As shown in FIG. 7A, when the steam turbine 1 operates, the determination unit 83 performs a comparison in magnitude between the vibration of the rotor 3 and the threshold value (Step S1). When the determination unit 83 determines that the vibration of the rotor 3 is greater than the threshold value (Step S1: No), the driving control unit 84 transmits drive signals to the driving source 72. The variable breaker 70 is unfolded via the driving signals (Step S2). Therefore, the swirl component Fs of the leakage flow St2 flowing inside the recessed portion 50 decreases, and the vibration of the rotor 3 is restricted.
On the other hand, when the determination unit 83 determines that the vibration of the rotor 3 is less than the threshold value (Step S1: Yes), the driving control unit 84 ends the control without transmitting drive signals to the driving source 72. Even thereafter, Steps S1 and S2 are repeatedly executed continuously or intermittently, and thus the vibration of the rotor 3 is monitored.

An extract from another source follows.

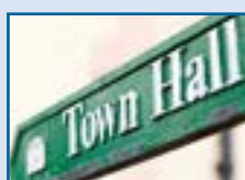
Các cơ quan từ thiện đặc biệt

Nếu bạn là người lớn (trên 18) bạn sẽ phải đưa ra sự đồng ý để được giới thiệu vào Cơ chế Nạn nhân của nạn buôn người (NRM). Khi đồng ý để giới thiệu vào cơ chế NRM, bạn cũng đồng ý rằng thông tin của bạn sẽ được chia sẻ với các cơ quan của Bộ Nội vụ và Cảnh sát. Bạn không cần phải trình báo cho cảnh sát, nhưng họ có thể liên lạc với bạn và hỏi nếu bạn muốn hỗ trợ làm việc đó hay không.

It is known that the leakage flow St2 containing the swirl component Fs promotes (assists) the rotation of the rotor 3 by virtue of frictional force occurring between the rotor 3 and the leakage flow St2. In the configuration, the vibration of the rotor 3 can be restricted, and on the other hand, the frictional force also decreases along with the decreasing of the swirl component Fs. As a result, a force to rotate the rotor 3 in the peripheral direction may become weak, and an output of the steam turbine 1 may decrease.
In response to the intensity (magnitude in the amplitude of frequency components which may cause an unstable vibration of the rotor) of vibration of the rotor 3, the control device 90 according to the embodiment determines the number of the variable breakers 70 which are unfolded. Specifically, the driving control unit 84 unfolds two of four variable breakers 70 at an initial stage of detection of vibration. The variable breakers 70 which are unfolded are a pair of the variable breakers 70 that face each other in a diameter direction with respect to the axis O. That is, the variable breakers 70 which are unfolded are equally spaced from each other inside the recessed portion 50 in the peripheral direction.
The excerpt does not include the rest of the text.